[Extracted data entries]

********

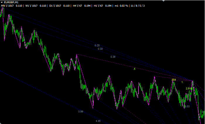 Индикатор ZUP постоянно просчитывает соотношения между волнами на предмет паттернов
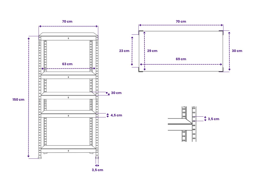 Vysoká stabilita a nosnost nejsou dílem náhody. Jsou výsledkem kombinace precizního profilování oceli, přesných spojů a středové výztuhy pod každou policí. Zatímco jinde můžete narazit na různé verze oblíbených rozměrů, u nás máte jistotu, že i za 10 let koupíte ten stejný model a snadno tak rozšíříte svou sestavu.
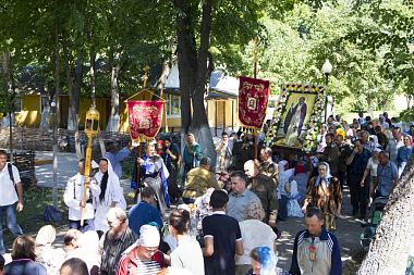 Молитвенно почтить память святого покровителя обители собрались представители казачества, многочисленные паломники, а также участники крестных ходов, совершившие шествие с 28 июля по 1 августа из городов Борисоглебской епархии в Серафимо-Саровский мужской монастырь.
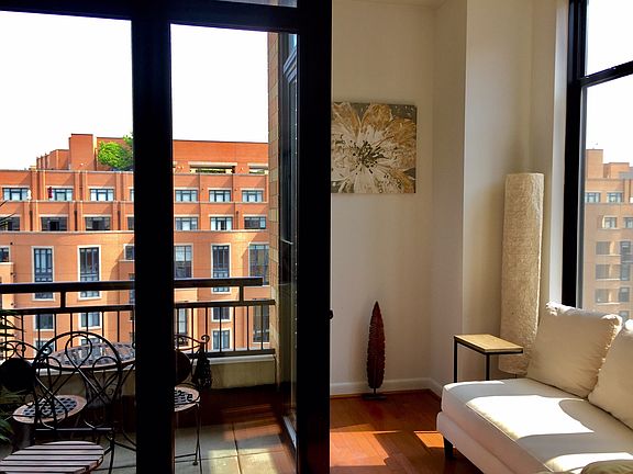 Available Aug 07, 2020. - A fully-furnished 1 bedroom, 1.5 bathroom condo on the top floor of an 11-story building, this unit has stunning views from the private balcony as well as the building's roof deck. In the center of DC's bustling Penn Quarter, the condo features hardwood floors, stainless steel appliances including a dishwasher and microwave in the kitchen, a king-size bed, a tub and shower in the full bath, a 32" TV, a washer and dryer in unit, and central air conditioning. The building has a 24-hour concierge/front desk, a sizable fitness room, a roof deck with a lap pool and an entertainment space including a grill, a business center, and a party room with a pool table. This prime spot is perfectly located for easy access to the museums, night-life, sporting, and arts events of Penn Quarter, the National Mall, Chinatown, and Judiciary Square as well as all of the amazing restaurants that can be found close by. The building is less than a 10-minute walk from a newly-built Safeway and across the street from a CVS. The Gallery Pl-Chinatown (green, yellow, and red lines) and Judiciary Square (red) Metro Stations are both an easy 7-minute walk away. A Capital Bikeshare stand is less than 200 yards away. Walk score: 96, Transit score: 100, Bike score: 83. This building requires a 6-month minimum lease. Click here to inquire about our property availability
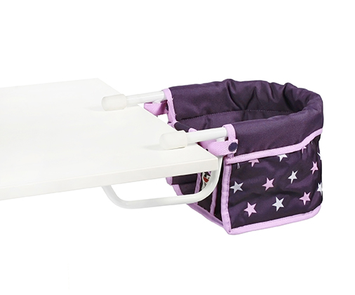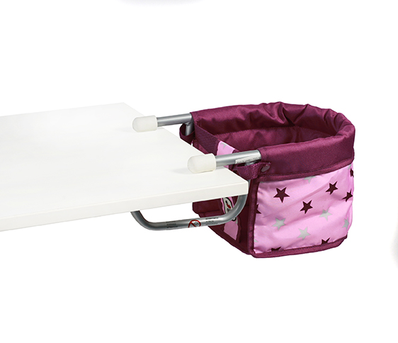 Der Tischsitz für Puppen ist geeignet für alle gängigen Tischplatten, er wird einfach am Rand des Tisches eingehängt. Es passen Puppen in der Größe bis ca. 60 cm hinein. Der Bezugsstoff ist abwaschbar und kann vom Gestell abgenommen werden. Wird der Tischsitz mal nicht gebraucht, kann das Stahlgestell auch auseinandergebaut werden.
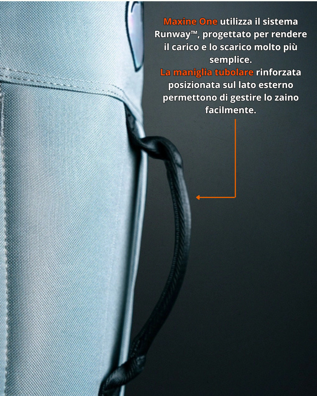 La maniglia tubolare rinforzata posizionata sul lato esterno dello zaino permette di caricare e scaricare il cane con il minimo sforzo e un maggior controllo.
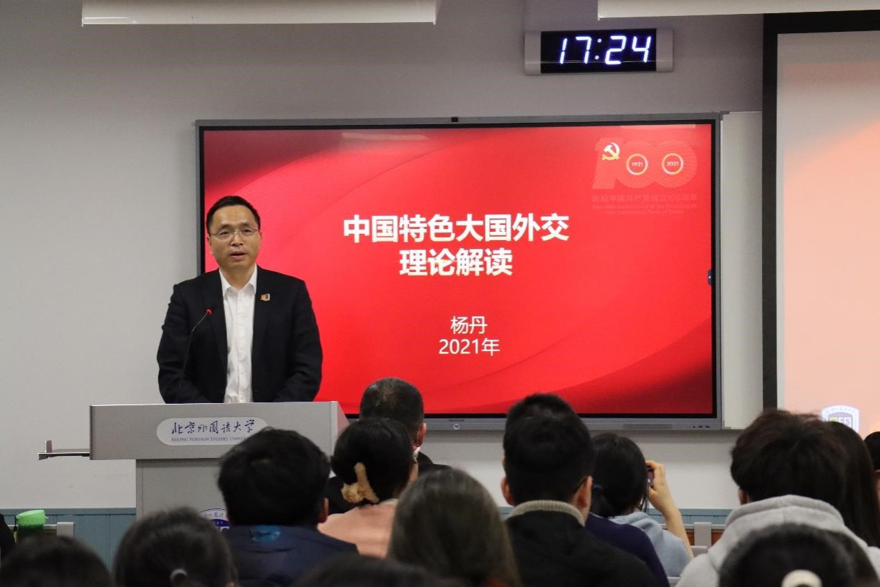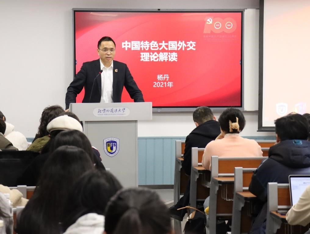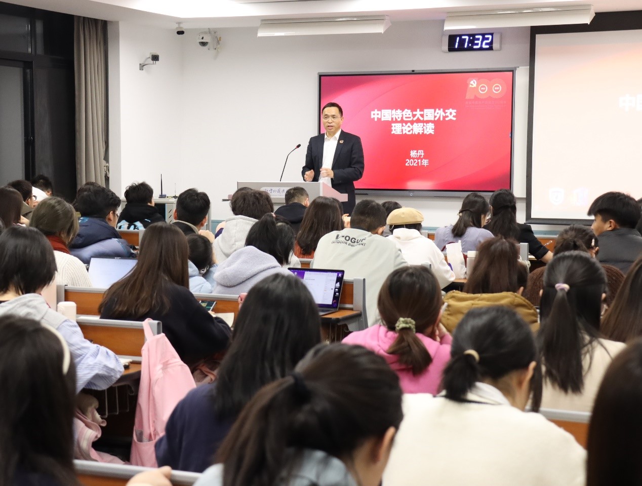 12月8日,北京外国语大学校长、党委副书记杨丹教授在逸夫楼为国际商学院2021级本科生讲授了题为《中国特色大国外交的理论解读》的形势与政策专题课。
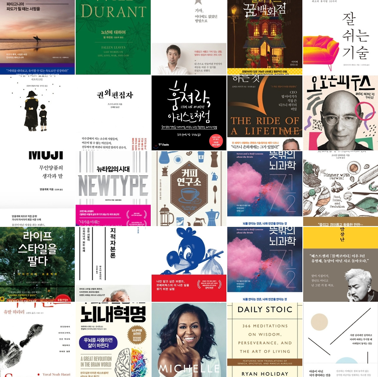 -> 최근 몇 년 관심사인 컬러와 비주얼 브랜딩, 뇌과학, 베이킹과 커피 등 음식과 관련된 책들이 많다.
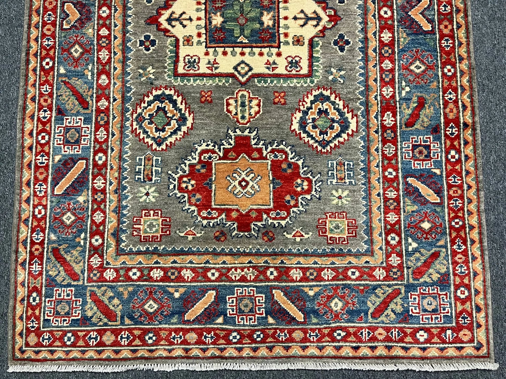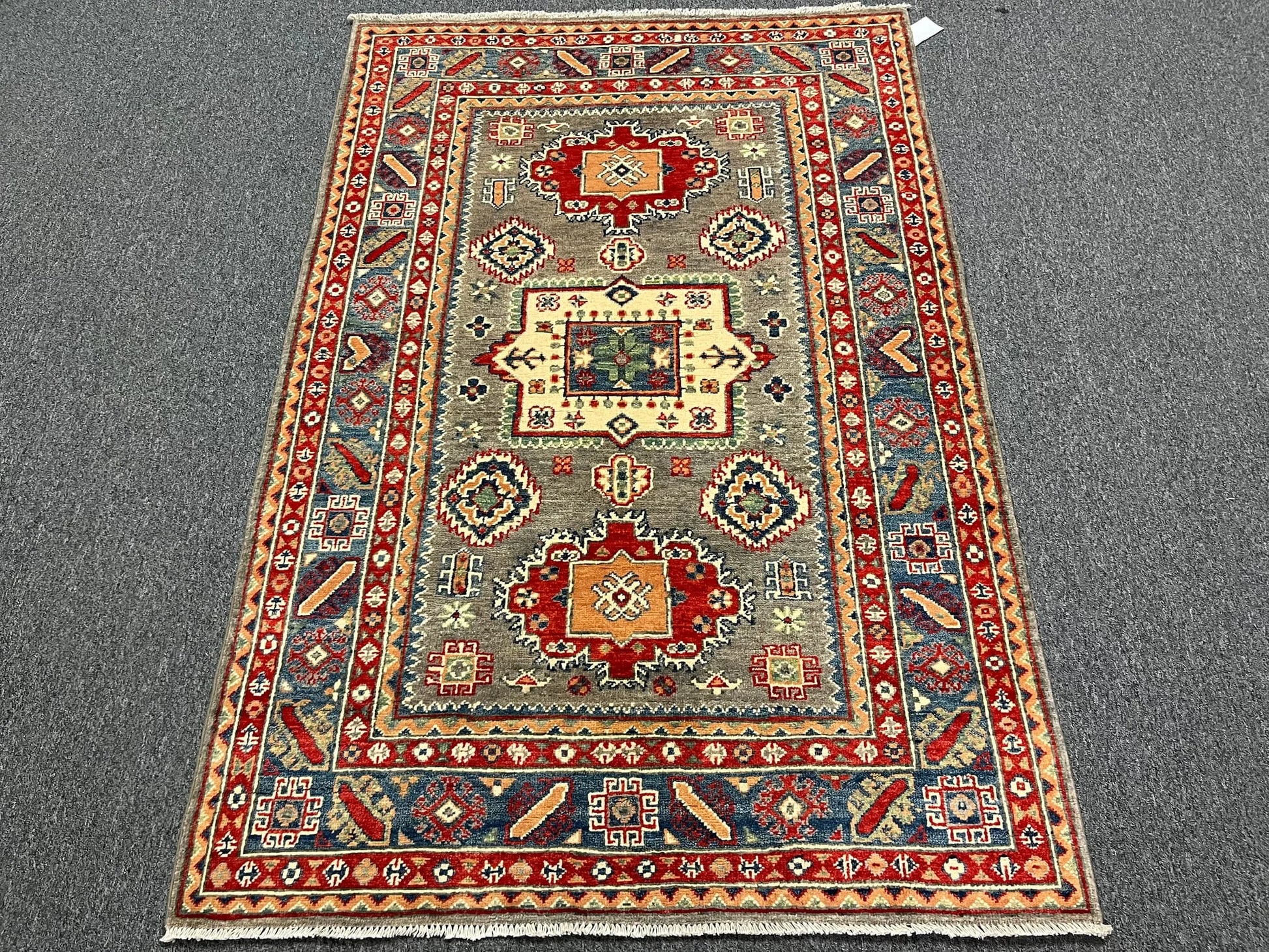 4X6 Kazak Brown/Blue Geometric Handmade Wool Rug # 12990
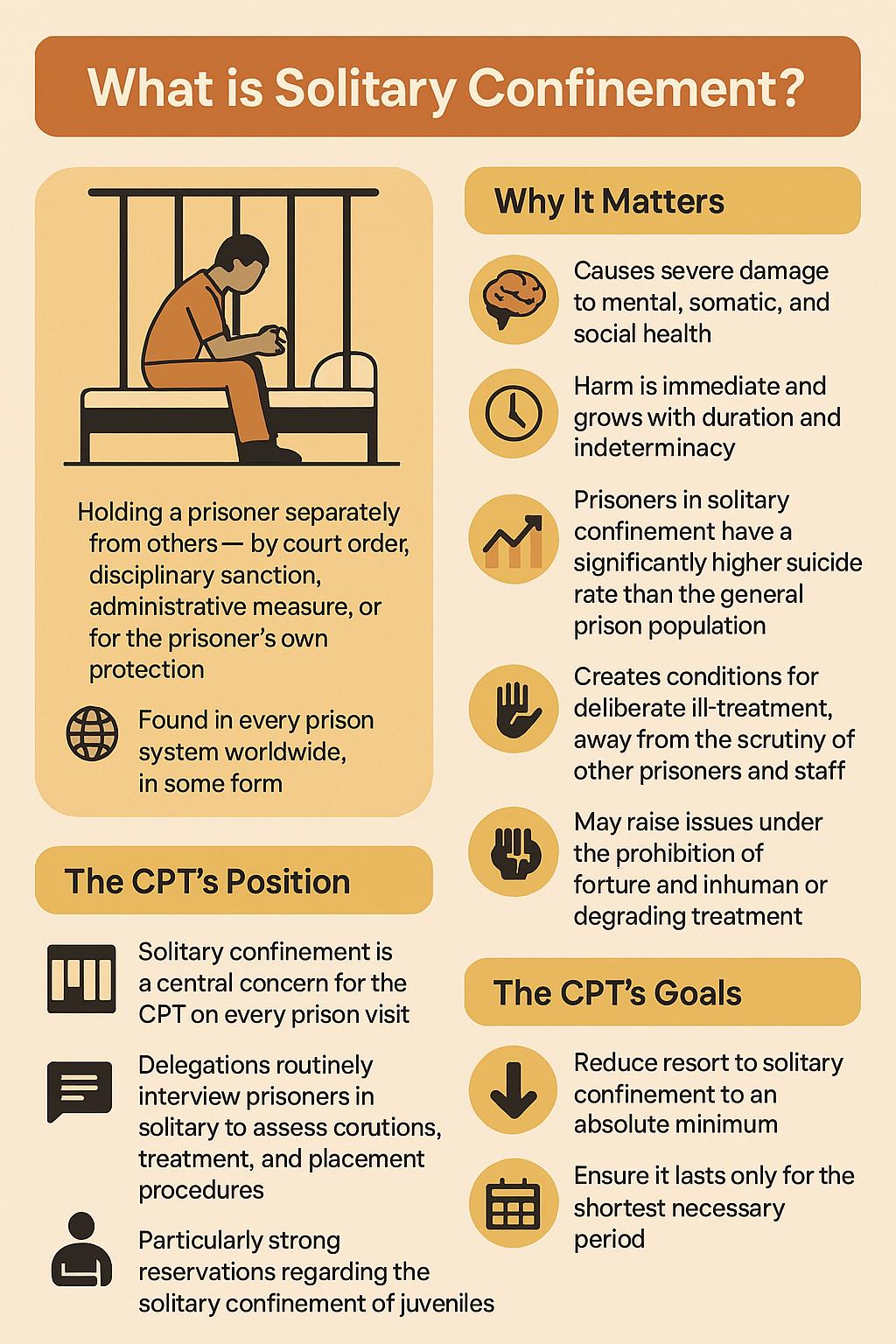 Цей шкідливий вплив може бути негайним і посилюється, чим довше триває така міра і чим більш невизначеним є її термін. Найбільш значущим показником шкоди, яку може завдати одиночне ув’язнення, є значно вищий рівень самогубств серед ув’язнених, які його зазнають, порівняно з загальною популяцією ув’язнених. Отже, очевидно, що одиночне ув’язнення саме по собі потенційно порушує питання щодо заборони катувань та нелюдського або принижуючого гідність поводження чи покарання. Крім того, воно може створити можливість для навмисного жорстокого поводження з ув’язненими, поза увагою інших ув’язнених та персоналу. Відповідно, це є центральним питанням для ЄКЗК, і під час кожного візиту делегації обов’язково проводять бесіди з ув’язненими, які перебувають в одиночному ув’язненні, щоб перевірити їхні умови утримання та поводження, а також процедури прийняття рішень щодо такого розміщення та їх перегляду.

********

When you set down the records above, copy every line exactly and exclude the pictures.

 Индикатор ZUP постоянно просчитывает соотношения между волнами на предмет паттернов
 Vysoká stabilita a nosnost nejsou dílem náhody. Jsou výsledkem kombinace precizního profilování oceli, přesných spojů a středové výztuhy pod každou policí. Zatímco jinde můžete narazit na různé verze oblíbených rozměrů, u nás máte jistotu, že i za 10 let koupíte ten stejný model a snadno tak rozšíříte svou sestavu.
 Молитвенно почтить память святого покровителя обители собрались представители казачества, многочисленные паломники, а также участники крестных ходов, совершившие шествие с 28 июля по 1 августа из городов Борисоглебской епархии в Серафимо-Саровский мужской монастырь.
 Available Aug 07, 2020. - A fully-furnished 1 bedroom, 1.5 bathroom condo on the top floor of an 11-story building, this unit has stunning views from the private balcony as well as the building's roof deck. In the center of DC's bustling Penn Quarter, the condo features hardwood floors, stainless steel appliances including a dishwasher and microwave in the kitchen, a king-size bed, a tub and shower in the full bath, a 32" TV, a washer and dryer in unit, and central air conditioning. The building has a 24-hour concierge/front desk, a sizable fitness room, a roof deck with a lap pool and an entertainment space including a grill, a business center, and a party room with a pool table. This prime spot is perfectly located for easy access to the museums, night-life, sporting, and arts events of Penn Quarter, the National Mall, Chinatown, and Judiciary Square as well as all of the amazing restaurants that can be found close by. The building is less than a 10-minute walk from a newly-built Safeway and across the street from a CVS. The Gallery Pl-Chinatown (green, yellow, and red lines) and Judiciary Square (red) Metro Stations are both an easy 7-minute walk away. A Capital Bikeshare stand is less than 200 yards away. Walk score: 96, Transit score: 100, Bike score: 83. This building requires a 6-month minimum lease. Click here to inquire about our property availability
 Der Tischsitz für Puppen ist geeignet für alle gängigen Tischplatten, er wird einfach am Rand des Tisches eingehängt. Es passen Puppen in der Größe bis ca. 60 cm hinein. Der Bezugsstoff ist abwaschbar und kann vom Gestell abgenommen werden. Wird der Tischsitz mal nicht gebraucht, kann das Stahlgestell auch auseinandergebaut werden.
 La maniglia tubolare rinforzata posizionata sul lato esterno dello zaino permette di caricare e scaricare il cane con il minimo sforzo e un maggior controllo.
 12月8日,北京外国语大学校长、党委副书记杨丹教授在逸夫楼为国际商学院2021级本科生讲授了题为《中国特色大国外交的理论解读》的形势与政策专题课。
 -> 최근 몇 년 관심사인 컬러와 비주얼 브랜딩, 뇌과학, 베이킹과 커피 등 음식과 관련된 책들이 많다.
 4X6 Kazak Brown/Blue Geometric Handmade Wool Rug # 12990
 Цей шкідливий вплив може бути негайним і посилюється, чим довше триває така міра і чим більш невизначеним є її термін. Найбільш значущим показником шкоди, яку може завдати одиночне ув’язнення, є значно вищий рівень самогубств серед ув’язнених, які його зазнають, порівняно з загальною популяцією ув’язнених. Отже, очевидно, що одиночне ув’язнення саме по собі потенційно порушує питання щодо заборони катувань та нелюдського або принижуючого гідність поводження чи покарання. Крім того, воно може створити можливість для навмисного жорстокого поводження з ув’язненими, поза увагою інших ув’язнених та персоналу. Відповідно, це є центральним питанням для ЄКЗК, і під час кожного візиту делегації обов’язково проводять бесіди з ув’язненими, які перебувають в одиночному ув’язненні, щоб перевірити їхні умови утримання та поводження, а також процедури прийняття рішень щодо такого розміщення та їх перегляду.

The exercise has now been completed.